Diana Damrau: «Natürlich wird man künstlerisch immer warm!»

 

Diana Damrau über Gesang und Gefühle, Donizetti und Bellini sowie ihren Corona-Liederabend in Zürich
Zum Fliegen 
bringen
Diana Damrau gehörte zu den ersten, welche dem Opernhaus Zürich mit einem Liederabend wieder Leben einhauchten. 
Ganz beglückt erzählt die Sopranistin davon. Im Herbst kehrt sie in der Titelrolle von Donizettis «Maria Stuarda» an das Haus zurück. Dies in einer Produktion, in welcher sie vor zwei Jahren bereits die Premierenserie bestritt. Beinahe zeitgleich erscheint auch 
ein Recital mit Szenen aus Donizettis drei berühmten Opern, die sich mit den historischen Tudor-Königinnen auseinandersetzen.
Diana Damrau als Maria Stuarda am Opernhaus Zürich.

Andrea Meuli

«Erst einmal muss das vokale Feuerwerk zündbar sein!»

M&T: Wie nahe darf einem als Sängerin oder Sänger der Tod einer verkörperten Figur gehen, einer Anne Boleyn, einer Mary Stuart zum Beispiel?

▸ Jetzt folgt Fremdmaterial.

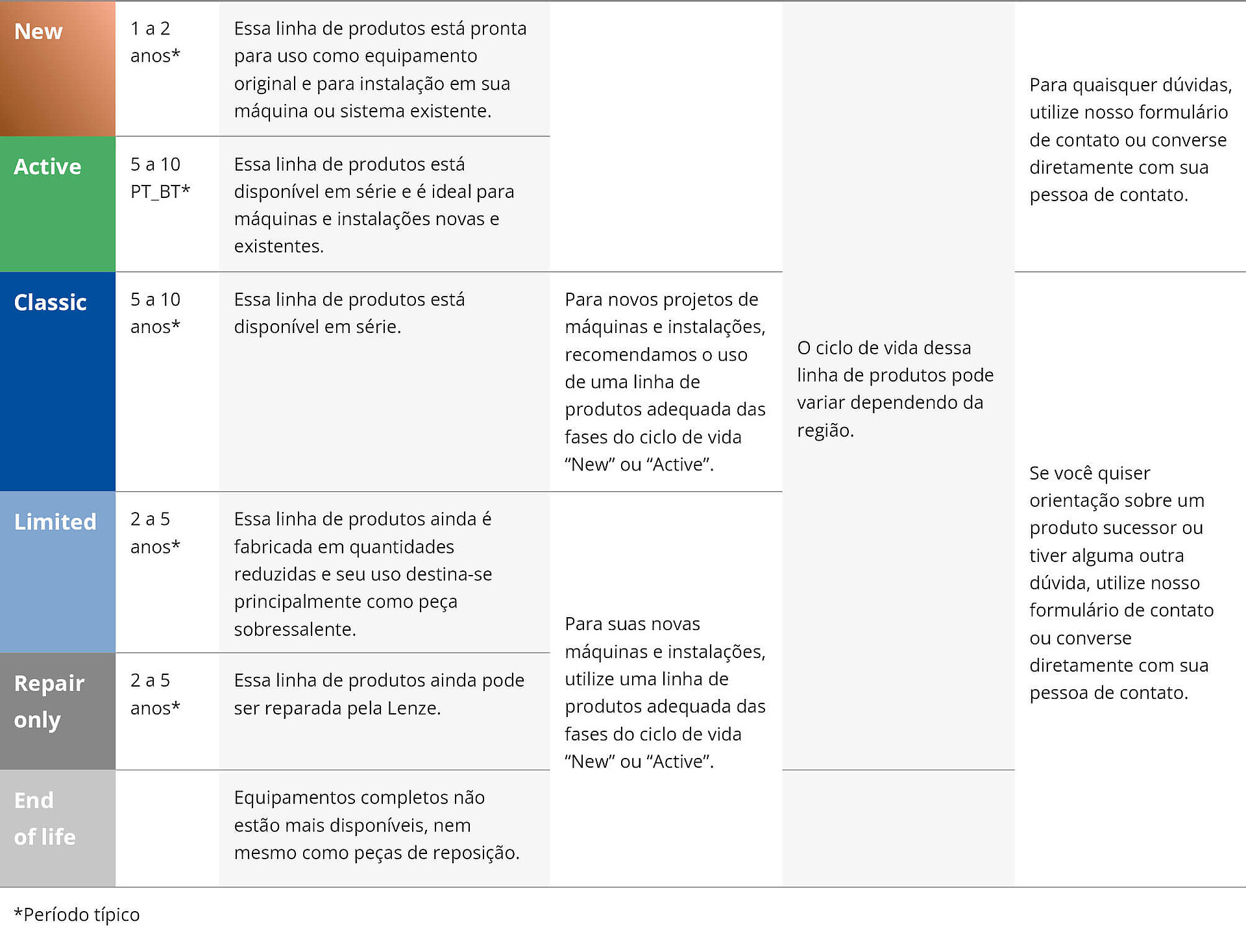 Estes serviços estão disponíveis para a linha de produtos na respectiva fase do ciclo de vida
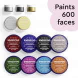 - Contenu du kit : - peinture blanche et jaune vif (2 x 30 ml), 8 peintures pour le visage (8 x 18 ml), 3 gels pailletés (3 x 12 ml), 10 éponges, 3 pinceaux (fin rond, polyvalent, plat), guide illustré (en anglais), boîte lavable.
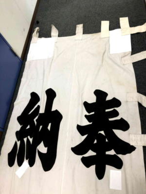 神社のぼり修理をいたします。修理費用は修理箇所・修理の度合いによって異なりますので、現物を拝見し見積りいたします。
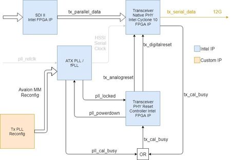Hello, we’re facing the following problem. We’re developing the project with SDI 12G output signal on base Cyclone 10 GX FPGA. We use the Intel IP for SDI protocol, Transceiver PHY and Tx PLL. He...
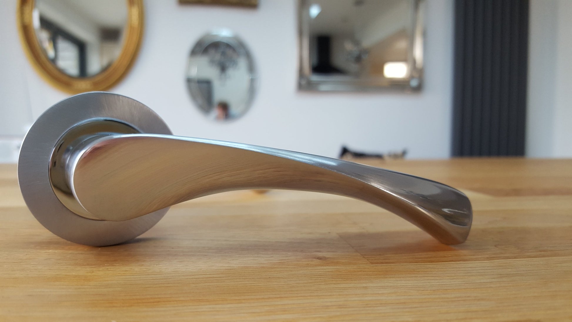 Twirly Door Handles - Dual finish Polished/Satin Chrome. Â One of our big movers, currently in stock and ready to order. Also please see the 'Lifestyle' images we have just had printed in a local contemporary homes magazine.
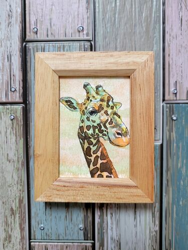 今回は1001枚目に描いた水彩画を紹介します!早速紹介します!「夕方のキリンさん」です。 「用紙」Ohuhu 水彩紙 ブロックタイプ 中紙300g(超厚口) サイズ:55㎜x75㎜ミニサイズの長方形にカットして水彩画を描きました。今回も0.03mmのピグマペンで描き、水…
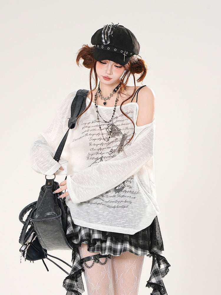 Butterfly Print Asymmetrical Neckline Khaki/White Semi-sheer Coverup
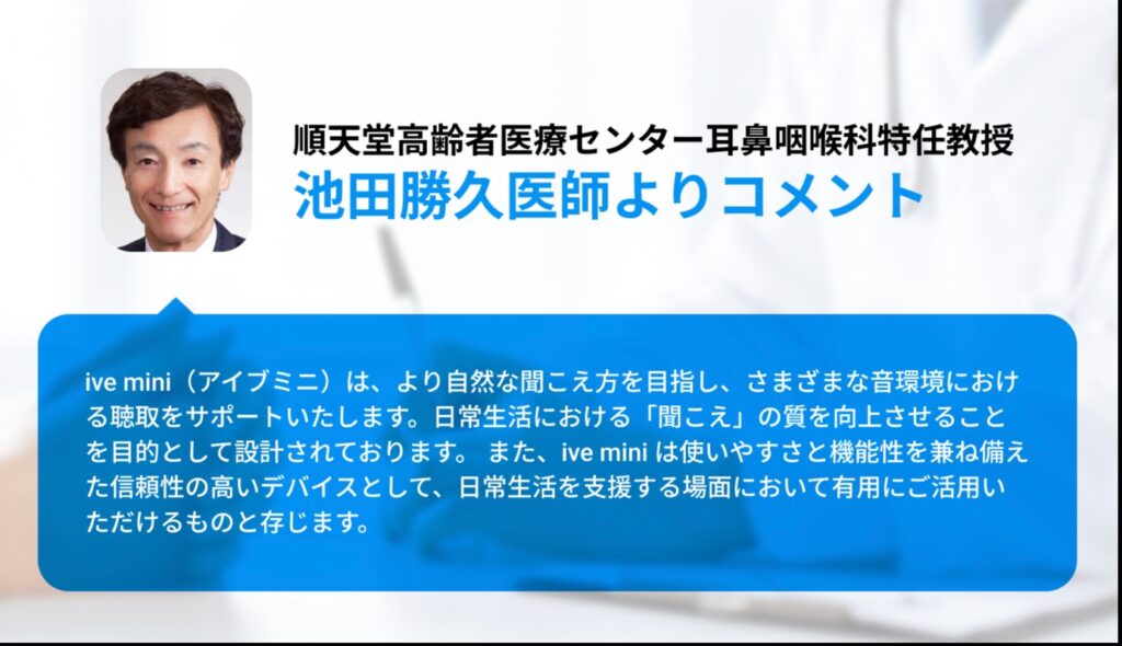 どうやらこのアイブミニという集音器が、まさに初めての集音器として選ばれているとのこと。
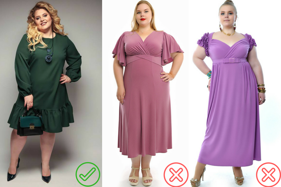 Поэтому выбирайте модели блузок и платьев с узкой талией. В то же время абсолютно противопоказаны платья с завышенной линией талии — они делают акцент на массивном верхе
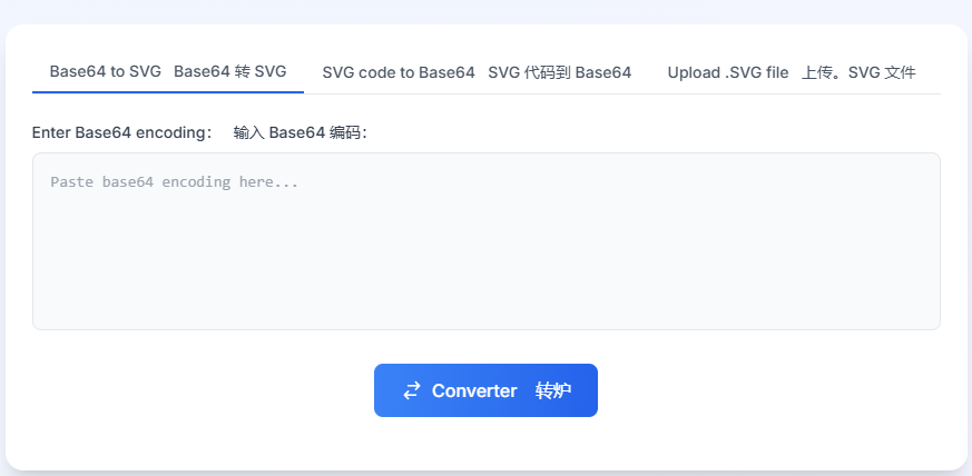- 只需粘贴Base64字符串到转换框中,即可自动生成SVG图像,直接在浏览器预览。
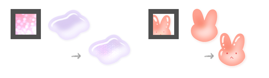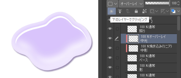 好みの位置に移動させた時、シール(ベース)からはみ出ることのないように、「中光」「中影」レイヤー双方、ベースとなったレイヤーにクリッピングさせておきましょう。

Wie viel Mitgefühl darf da durchdrücken?

Diana Damrau: Man muss diese Gefühle durch sich durch lassen. Aber ich darf als Königin – wenn überhaupt – allenfalls in der Gesangslinie weinen. Auf keinen Fall darf das Instrument, also die Stimme, gestört werden. Beim Singen darf keine Enge entstehen. Und die entsteht natürlich, wenn unser Körper Tränen produziert.

M&T: Heisst das, man muss vom Schicksal der dargestellten Figur abstrahieren?

Diana Damrau: Ja natürlich! Ich darf nicht selber daran denken, gleich umgebracht zu werden… (Lachend) Gott sei Dank überlebe ich ja nach jeder Vorstellung… Im Ernst, ich muss immer ganz bewusst mein Cockpit vor mir haben, mir der Schwierigkeiten und Klippen bewusst sein, damit ich das Flugzeug gut landen kann.

M&T: Geschieht das so rational, wenn Sie auf der Bühne mitten im Geschehen sind?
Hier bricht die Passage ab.